Closed shulin-sq closed 6 months ago
Suspect in here we swallow the error and didn't return it to the controller-runtime:
retryErr := NewRetryError()
if errors.As(err, &retryErr) {
return ctrl.Result{RequeueAfter: time.Second * 20}, nil
}
Here is how a reconcile loop looks like: The current logic always bubble up LATTICE_RETRY whenever reconciler encounters any issues. And it will trigger controller to reconcile same event every 20 seconds. The current logic does not distinguish between waiting for job to be finished (e.g. create target group before programming the listener rules etc) vs incomplete configuration (e.g. the customer domain name issue you ran into).
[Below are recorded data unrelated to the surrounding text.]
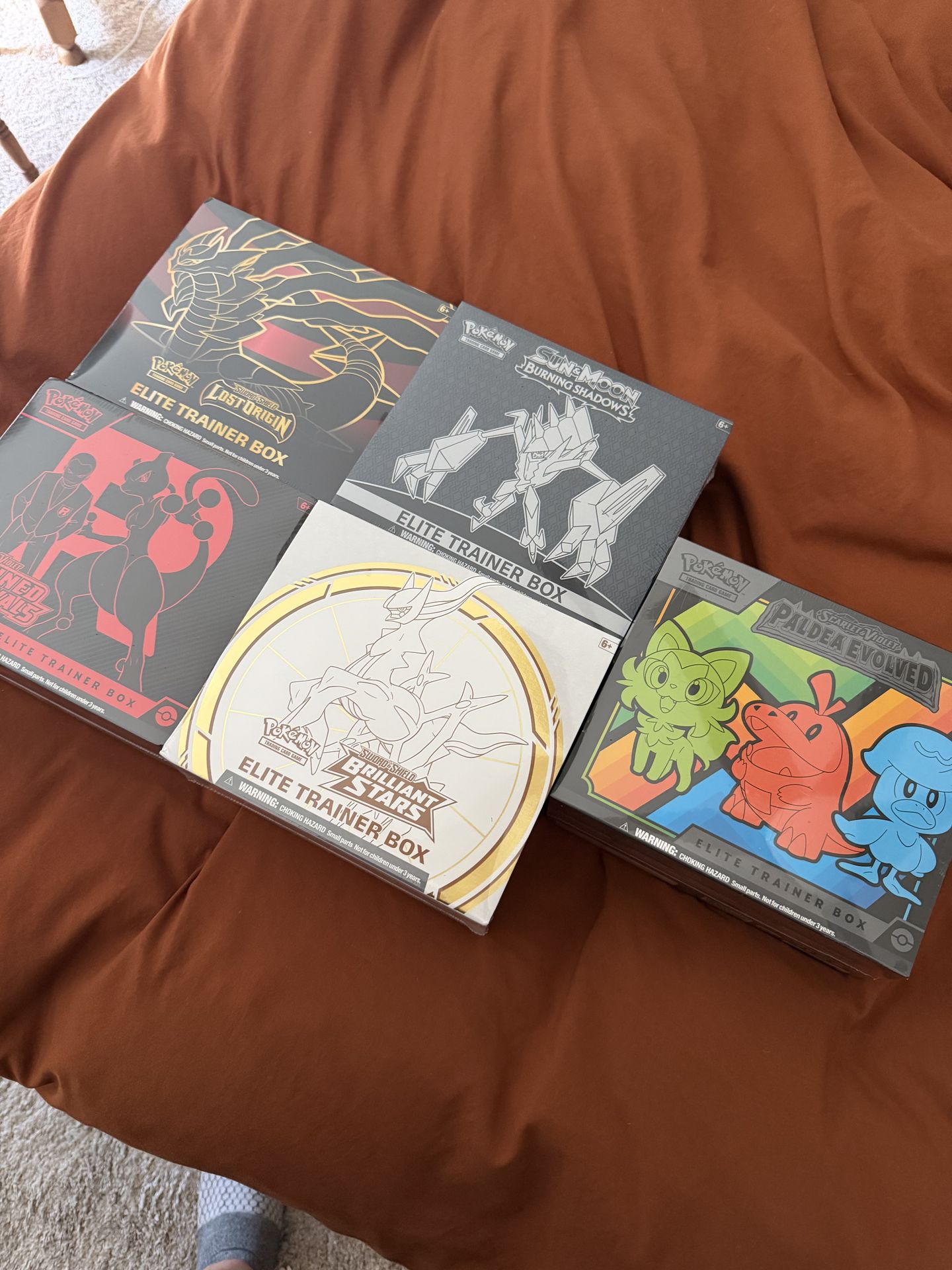Dr: 190 Burning shadows: 300 Paldea evolved: 150 Brilliant stars: 140 Lost origin: 170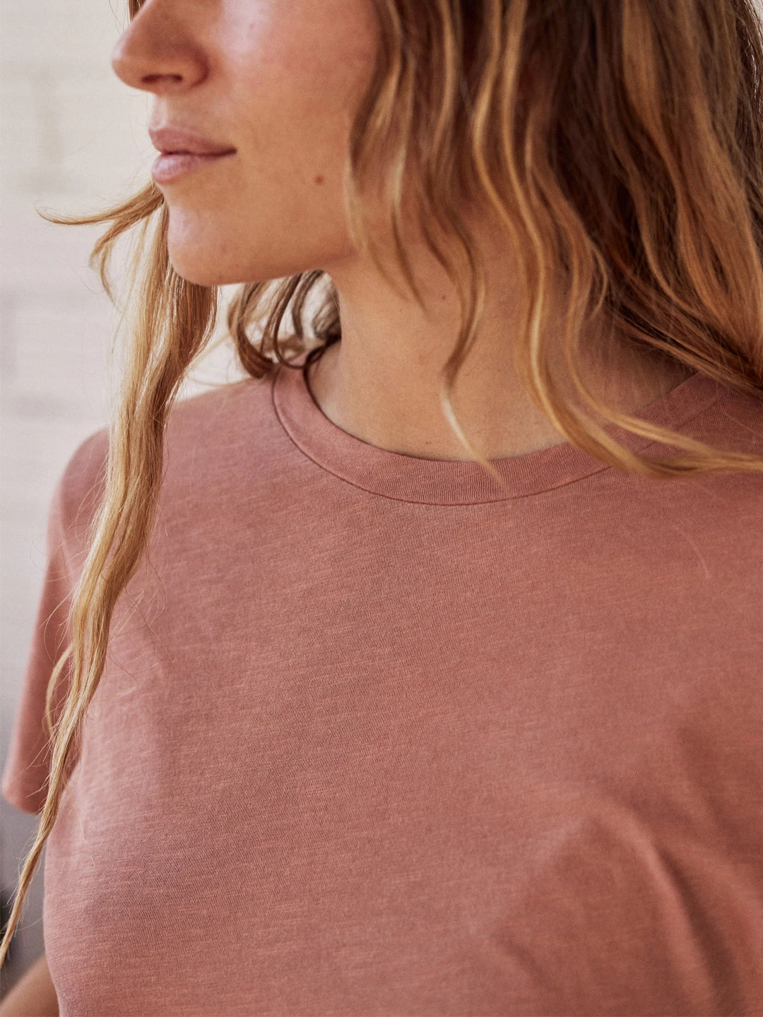 The Balta is a simple soft top designed in an organic fabric that is coloured using natural minerals. With a smooth overdye, the tee comes in a fairly slim fit and hip-length cut.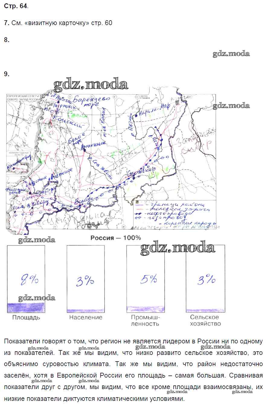 ГДЗ решение к заданию № 64 География России 9 класс рабочая тетрадь Баринова И.И. (к уч. Дронова) Дрофа 2016 ФГОС бесплатно на гдз.мода!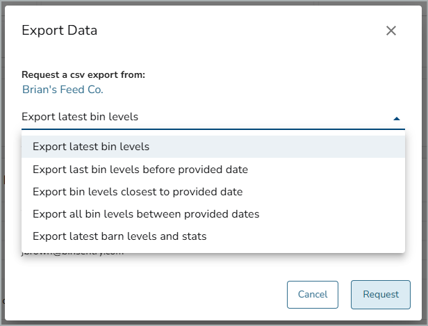 - If you choose any option except for "Export latest bin levels", you will be prompted to add a time or timeframe.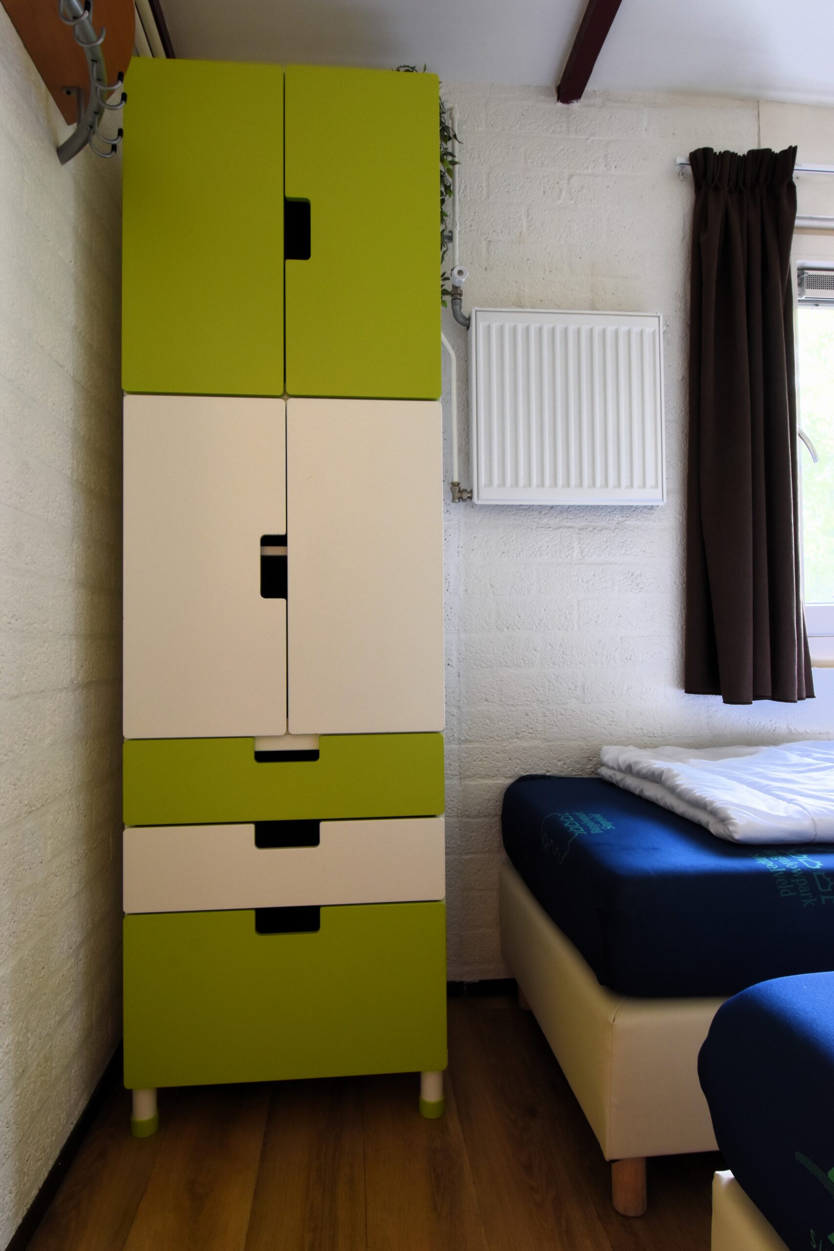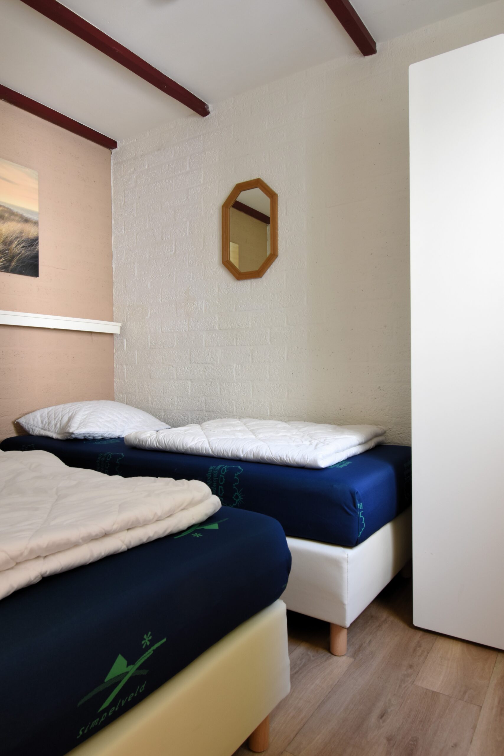 De 2 slaapkamers, resp. groot, 2.95 x 2.00 en 2.90 x 2.00, zijn v.v. van twee 1 persoons boxsprings matrassen en kleerkast. Beide slaapkamers zijn v.v. horren.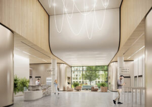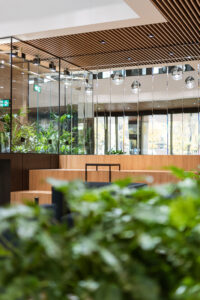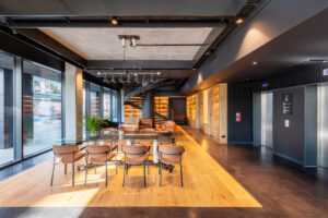 Jednak najważniejsze jest to, że idąc dziś do pracy czy na spotkanie, chcemy być pozytywnie zaskoczeni, zainspirowani – czy to ciekawą, budzącą pozytywne emocje architekturą, sztuką, naturalną zielenią, wspierającą technologią, czy także rozwiązaniami, które sprzyjają nawet przypadkowym społecznym kontaktom, czyli rozwiązaniami dospołecznymi. Należy do takich tworzenie w przestrzeniach ogólnodostępnych lobby wejściowego wielofunkcyjnej strefy, w której można zaczekać w wygodnych, różnorodnych siedziskach, popracować, zrobić sobie kawę lub herbatę, nalać wodę, zamienić z kimś kilka słów, przygotować się do spotkania, zrelaksować się, krótko mówiąc – poczuć się jak w gościnnym domu. To, czego również oczekujemy, to poczucie przynależności do przestrzeni, wrażenia, że to miejsce stworzone jest dla mnie i że mogę ewentualnie w określonej przestrzeni dostosować to wnętrze do swoich potrzeb. Równolegle chcemy spójności przestrzeni, chcemy czuć w różnych miejscach budynku, że w tej architekturze – od decyzji o lokalizacji budynku, przez formę architektury, funkcję, aż po materiały i rozwiązania – projektanci opowiedzieli jedną spójną historię, zrozumiałą dla użytkowników.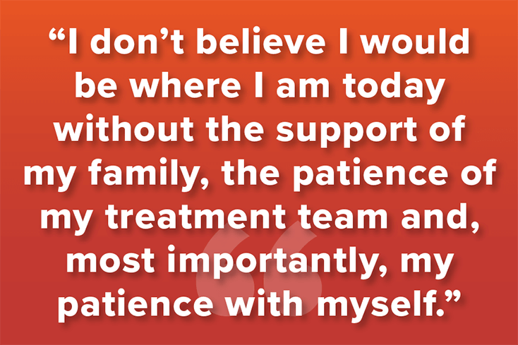 In my free time, I enjoy doing photography and spending time with my two awesome cats. I don’t believe I would be where I am today without the support of my family, the patience of my treatment team and, most importantly, my patience with myself. I will never take a day for granted after what I have been through, and I will never forget the people who helped me on my road to recovery.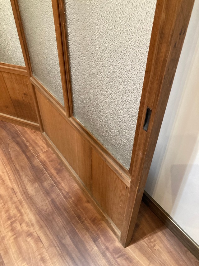 引き戸として使われていたようですが、戸車の動作確認をしていないため、手を入れないと使用できないと思われます。ご了承の上ご購入ください。
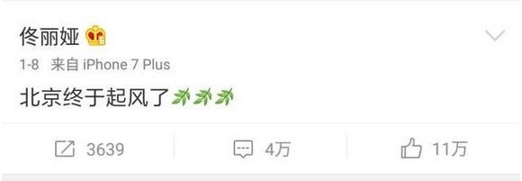 看到网友们评论丫丫微博:北京指的是北京爱情故事,意思是指爱情,终于指的是“还是来临”,起风了指的是无风不起浪,被打破,美好爱情童话被打破,一切还是来临了。丫丫不简单。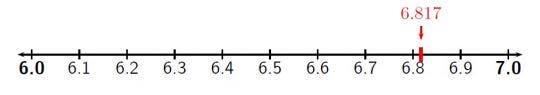 Answer: From the number line above we can see that $6.817$ is closer to $6.8$ than to $6.9$, so the answer is $6.8$. -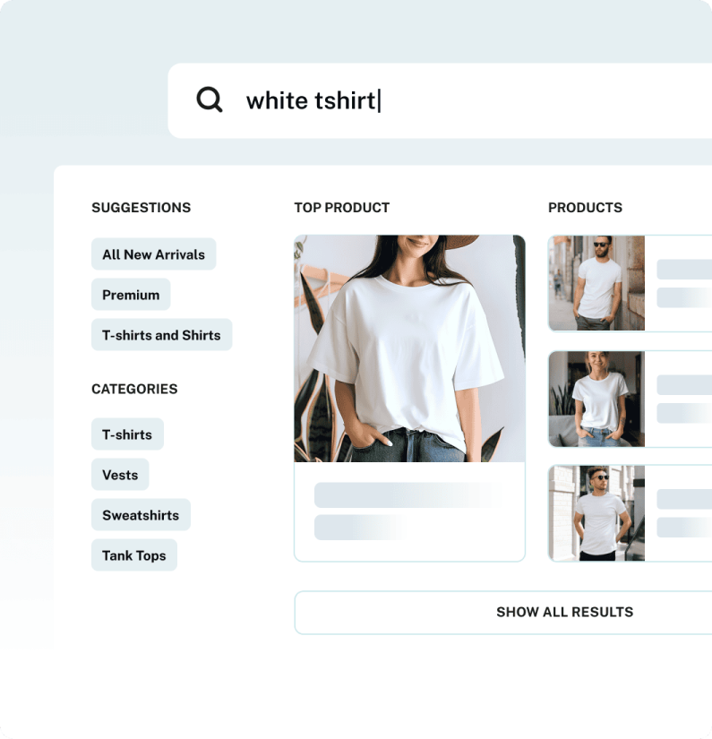 Search ensures your customers get the best, most relevant search results through features such as Autocomplete, Personalization, Typo Correction, and more.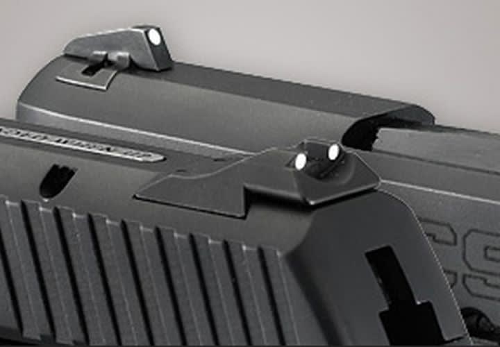 Close-ups of the LC9's three-dot sight system.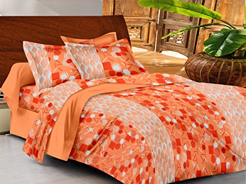 Casa Basics Ezy Collection Orange Geometric Cotton Queen Bedsheet With 2 Pillowcases (Specially used for economic sheets for Home & Beach) Beach Sheet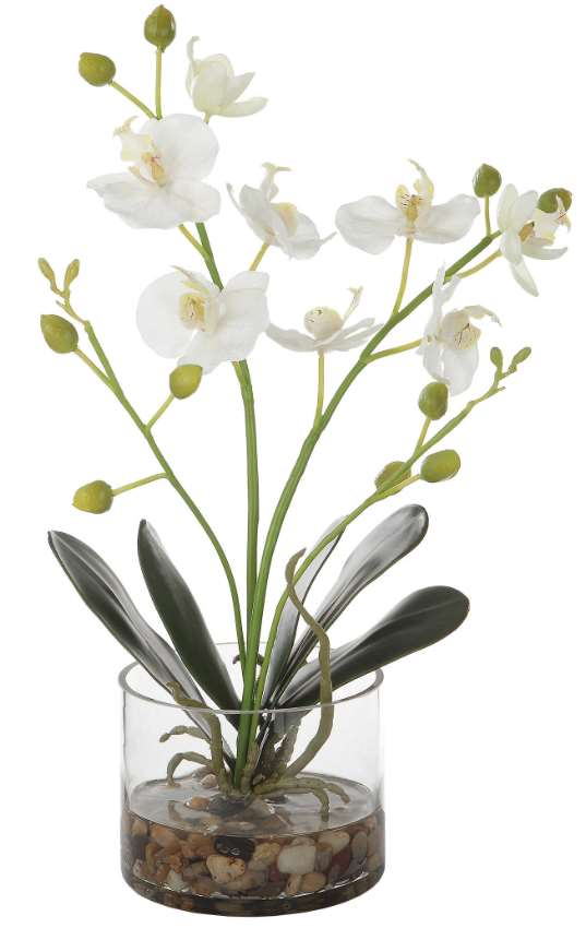 Symbolic of faith and beauty, this white orchid adds an elegant touch to any tabletop. The plant is placed in a clear glass container with faux water and natural river stones.Read More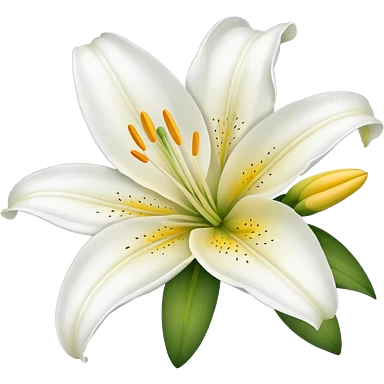 white lily flower with exactly six petals, one flower bud, and green leaves emoji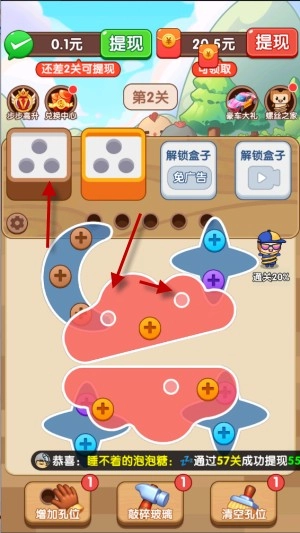 在游戏里集齐三个螺丝后,就可以触发消除效果,同时会出现新的工具盒。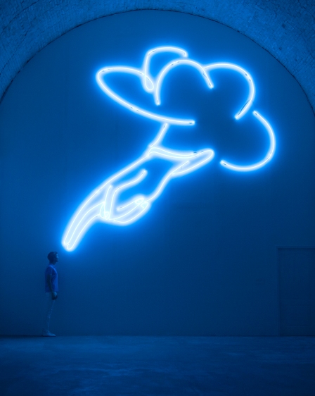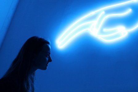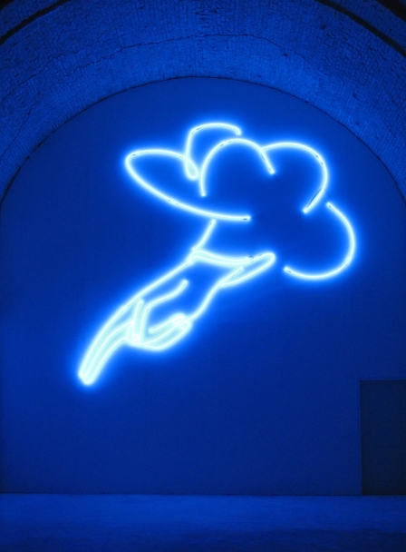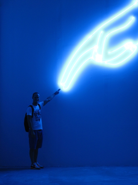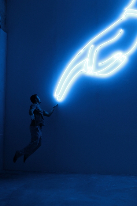 Степан Рябченко, «Рука, що благословляє», інсталяція, неон, 2012-2013. Мистецький Арсенал

I am thinking POC emitting metrics similar to aws load balancer that it will have metrics on all lattice API calls, and it also have labels to indicate the status code and error code from lattice API call.
In your particular example (e.g. the customer domain name ), it will have a metrics incrementing with that specific error code.
here is the POC output
curl -s localhost:8080/metrics | grep aws_api_requests_total
# HELP aws_api_requests_total Total number of HTTP requests that the SDK made
# TYPE aws_api_requests_total counter
aws_api_requests_total{error_code="",operation="CreateListener",service="VPC Lattice",status_code="201"} 1
aws_api_requests_total{error_code="",operation="CreateRule",service="VPC Lattice",status_code="201"} 1
aws_api_requests_total{error_code="",operation="CreateService",service="VPC Lattice",status_code="201"} 1
aws_api_requests_total{error_code="",operation="CreateServiceNetworkServiceAssociation",service="VPC Lattice",status_code="200"} 1
aws_api_requests_total{error_code="",operation="CreateTargetGroup",service="VPC Lattice",status_code="201"} 1
aws_api_requests_total{error_code="",operation="GetResources",service="Resource Groups Tagging API",status_code="200"} 24
aws_api_requests_total{error_code="",operation="GetRule",service="VPC Lattice",status_code="200"} 5
aws_api_requests_total{error_code="",operation="GetTargetGroup",service="VPC Lattice",status_code="200"} 5
aws_api_requests_total{error_code="",operation="ListListeners",service="VPC Lattice",status_code="200"} 6
aws_api_requests_total{error_code="",operation="ListRules",service="VPC Lattice",status_code="200"} 6
aws_api_requests_total{error_code="",operation="ListServiceNetworkServiceAssociations",service="VPC Lattice",status_code="200"} 4
aws_api_requests_total{error_code="",operation="ListServiceNetworkVpcAssociations",service="VPC Lattice",status_code="200"} 1
aws_api_requests_total{error_code="",operation="ListServiceNetworks",service="VPC Lattice",status_code="200"} 4
aws_api_requests_total{error_code="",operation="ListServices",service="VPC Lattice",status_code="200"} 8
aws_api_requests_total{error_code="",operation="ListTagsForResource",service="VPC Lattice",status_code="200"} 4
aws_api_requests_total{error_code="",operation="ListTargetGroups",service="VPC Lattice",status_code="200"} 18
aws_api_requests_total{error_code="",operation="ListTargets",service="VPC Lattice",status_code="200"} 9
aws_api_requests_total{error_code="",operation="RegisterTargets",service="VPC Lattice",status_code="200"} 5
aws_api_requests_total{error_code="ConflictException",operation="CreateServiceNetworkServiceAssociation",service="VPC Lattice",status_code="409"} 1
aws_api_requests_total{error_code="ConflictException",operation="RegisterTargets",service="VPC Lattice",status_code="409"} 1
I am closing this issue with PR #628 . Please re-open it if you feel it has not addressed your concerns. Thanks
Hello,
I'm using the metrics from :8080 and can't seem to find a good one to indicate there are reconciliation failures
for example runtime_reconcile_errors is 0 despite there being reconciliation errors in my controller
and I curled the port to confirm that this isn't an issue with the datadog agent that is pulling the metrics
a search through our logs show that servicemanager.upsert is failing at 5rps for services that were created before we added a custom domain name to the gateway (thus always fail to reconcile because the service needs to be recreated)